**GIVEN INFORMATION:**
========================================
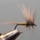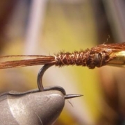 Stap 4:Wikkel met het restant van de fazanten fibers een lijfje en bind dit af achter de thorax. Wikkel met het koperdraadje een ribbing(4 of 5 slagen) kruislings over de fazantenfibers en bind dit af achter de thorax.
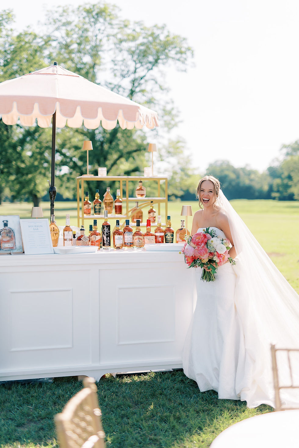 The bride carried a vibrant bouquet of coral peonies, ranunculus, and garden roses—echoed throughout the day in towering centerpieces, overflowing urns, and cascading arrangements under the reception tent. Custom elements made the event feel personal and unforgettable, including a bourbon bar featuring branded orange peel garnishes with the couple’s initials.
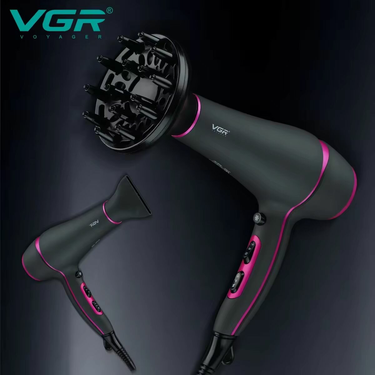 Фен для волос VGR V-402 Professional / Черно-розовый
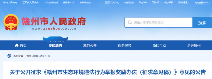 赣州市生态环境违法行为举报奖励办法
========================================
**PROBLEM TO SOLVE:** Exactly the lines from the one with "Фен для волос" to the last line of the listing are wanted, both ends included and pictures excluded.

**WRITTEN SOLUTION:**
 Фен для волос VGR V-402 Professional / Черно-розовый
 赣州市生态环境违法行为举报奖励办法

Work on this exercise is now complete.